Definition of Immune Thrombocytopenic Purpura (ITP)
Immune Thrombocytopenic Purpura (ITP) is an autoimmune disorder characterized by immunologic destruction of otherwise normal platelets, defined as a platelet count less than 100 × 10^9/L in the absence of other causes or disorders that may cause thrombocytopenia. 1
Primary vs Secondary ITP
ITP is classified into two main categories:
- Primary ITP: Occurs in isolation without an identifiable underlying cause
- Secondary ITP: Occurs in association with other disorders, including:
- Autoimmune diseases (particularly antiphospholipid antibody syndrome)
- Viral infections (including hepatitis C and HIV)
- Certain medications 1
Pathophysiology
The understanding of ITP pathophysiology has evolved over time:
- Traditional view: ITP was believed to be caused primarily by increased platelet destruction exceeding the bone marrow's compensatory production
- Current understanding: Evidence shows that platelet production is also decreased in many patients with ITP 1
Classification Based on Duration
ITP is categorized based on the duration of thrombocytopenia:
- Newly diagnosed: Within 3 months of diagnosis
- Persistent ITP: 3-12 months from diagnosis
- Chronic ITP: Lasting ≥12 months 2
Diagnostic Approach
The diagnosis of ITP is primarily one of exclusion:
Essential diagnostic tests:
- Complete blood count with differential
- Peripheral blood smear examination
- Reticulocyte count
- HIV and HCV testing 2
Peripheral blood smear findings consistent with ITP:
- Thrombocytopenia with normal to slightly larger platelets (but not giant platelets)

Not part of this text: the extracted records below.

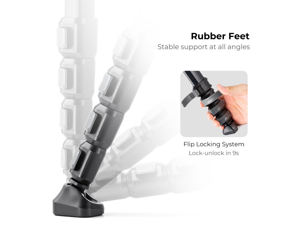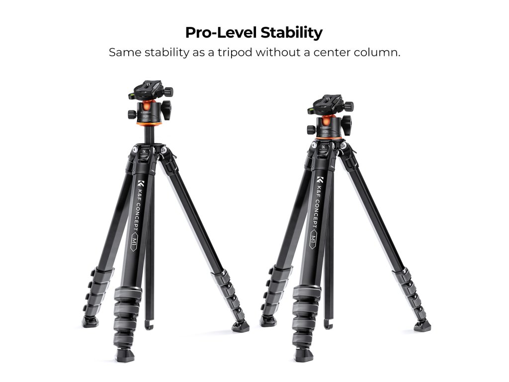 - * Stabilitate la nivel profesional? Pentru a asigura aceeași stabilitate a trepiedului ca un trepied fără coloană centrală, trepiedul este proiectat cu o bază de blocare încorporată, astfel încât picioarele trepiedului pot fi blocate ferm pentru a oferi o stabilitate uimitoare la nivel profesional.
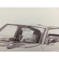 白い紙に白いバックで白い車を描く技術は素晴らしく、ボディのふくらみやプレスラインも鉛筆の濃淡だけで表現されているのを見ているととても不思議に感じます。
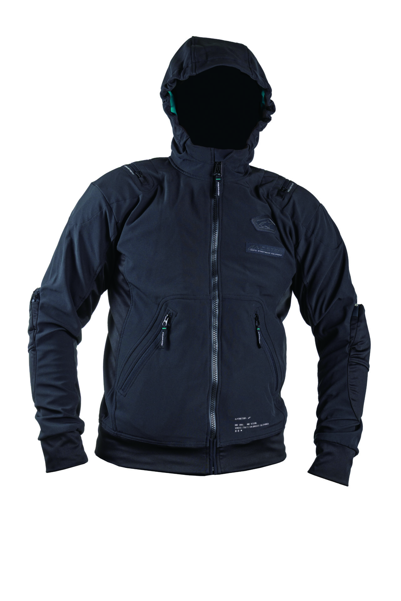 일상 라이딩과 도심 주행에 어울리는 캐주얼 재킷. 심플한 디자인 속에 다양한 디테일을 더했다. 어깨와 팔꿈치의 보호대는 지퍼로 쉽게 탈착할 수 있다. 외피 소재는 방수 멤브레인 가공되어 비를 차단하며 탈착 가능한 보온 조끼로 다양한 기온에 대응할 수 있다. 후드는 라이딩 중 펄럭이지 않도록 고정할 수 있다.
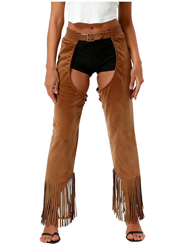Womens Cowboy Chaps Open Bottoms Adjustable Pants Themed Party Trousers Disco
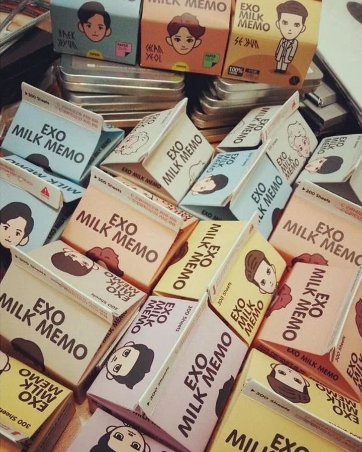 Sudah pernah mencoba produk susu resmi EXO? Eits, produk ini sebenarnya bukan minuman, kok. Hanya memo yang berbentuk kotak susu. Menggemaskan, ya.
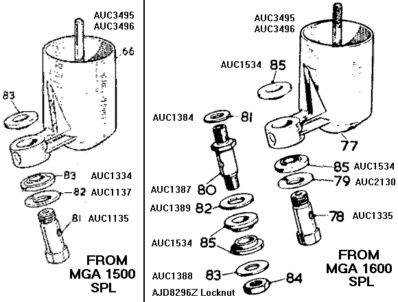 In der werkseitigen Ersatzteilliste für MGA wird die hier als „Standard” bezeichnete „starre” Halterung nicht erwähnt. Die „Alt 1”-Konfiguration wurde bei den meisten MGA 1500 eingebaut, während „Alt 2” bei allen späteren MGA verwendet wurde. Der Umschaltpunkt könnte bei der Produktion im Januar 1959 liegen. Die starre Halterung soll bei einigen der in Australien montierten CKD-Fahrzeugen zu finden sein. Dies kann entweder ein Originalteil sein oder nachträglich eingebaut worden sein (was noch nicht geklärt ist).
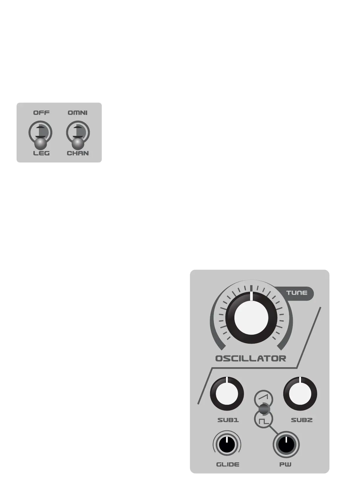 - Pitch wheel for 3 semitones up/down. This is also transmitted by the 1v/oct output.

- Normal red blood cell morphology
- Normal white blood cell morphology 1
Findings not consistent with ITP:
- Red blood cell poikilocytosis or schistocytes
- Predominant giant platelets
- Leukocytosis or leukopenia with immature or abnormal cells 1
Bone Marrow Examination
- Not routinely necessary in children and adolescents with typical features of ITP
- Not necessary in children who fail IVIg therapy
- Generally not needed prior to initiation of corticosteroid treatment or before splenectomy 1
Clinical Presentation
ITP can present with:
- Petechiae and purpura
- Easy bruising
- Mucosal bleeding (e.g., epistaxis, gingival bleeding)

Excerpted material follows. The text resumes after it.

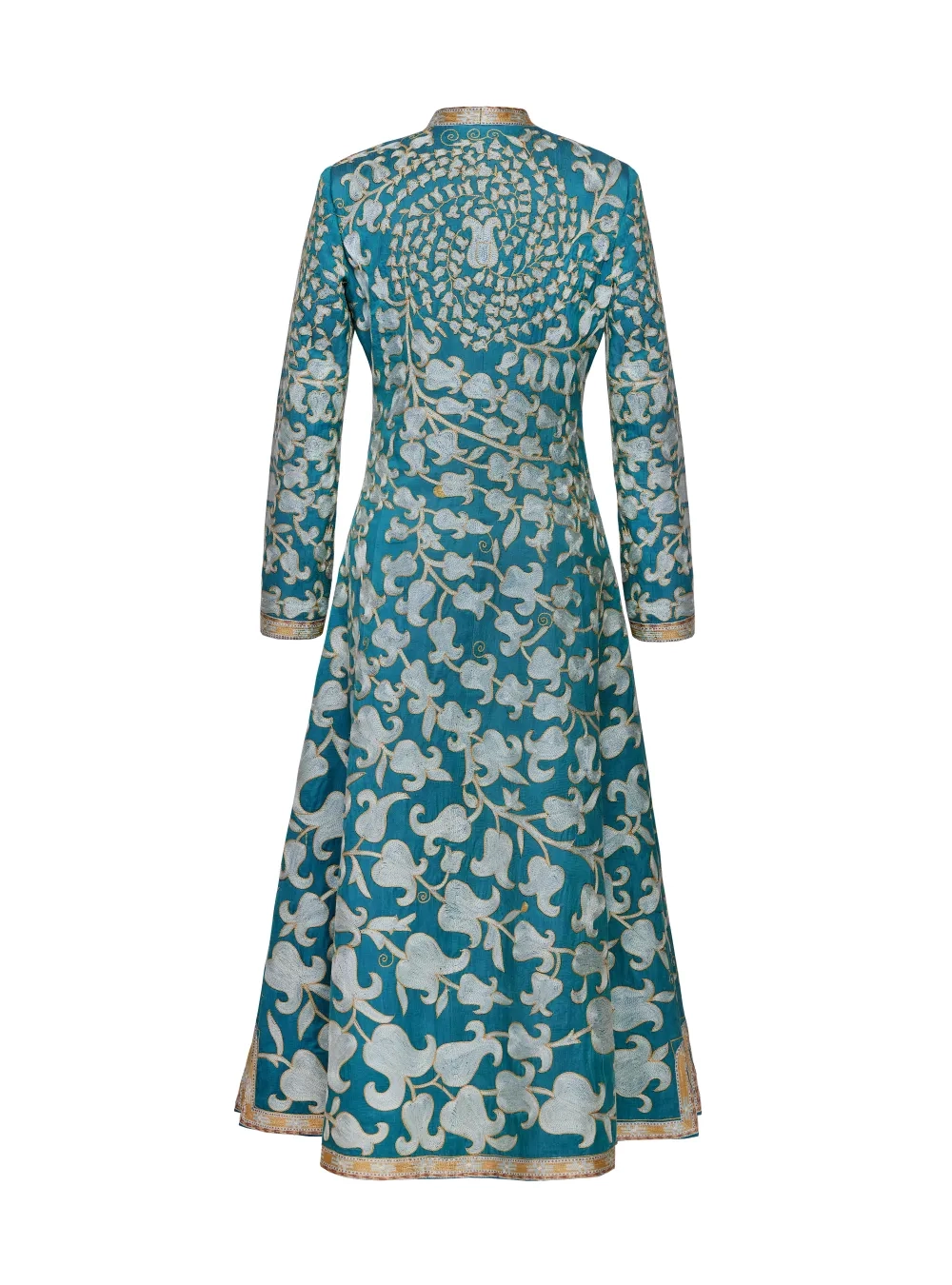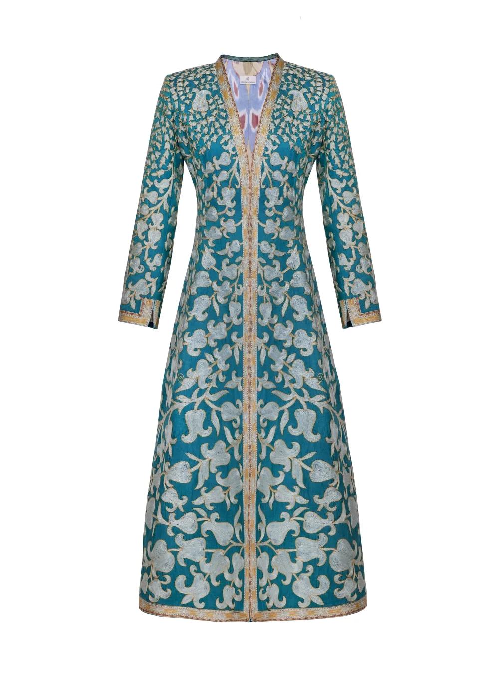 Чапан (узбекская национальная верхняя одежда) выполнен в традиционной технике с добавлением авторского видения дизайнера. Каждое изделие вышивается вручную бухарскими потомственными мастерами около двух месяцев. На рукавах предусмотрены молнии, чтобы стилизовать на разный лад.

- In severe cases, internal bleeding including intracranial hemorrhage (rare, occurring in 0.1-0.5% of children with ITP) 2
Distinguishing Features
It's important to note that ITP is distinguished from other thrombocytopenias by:
- Normal bone marrow with adequate to increased megakaryocytes
- Absence of splenomegaly (though spleen may be palpable in approximately 12% of children with ITP) 1
- Absence of other causes of thrombocytopenia based on history, physical examination, and laboratory testing 3
The definition and understanding of ITP have evolved significantly since the initial ASH guidelines in 1996, with updated terminology and diagnostic criteria established by the International Working Group consensus panel of both adult and pediatric experts in ITP 1.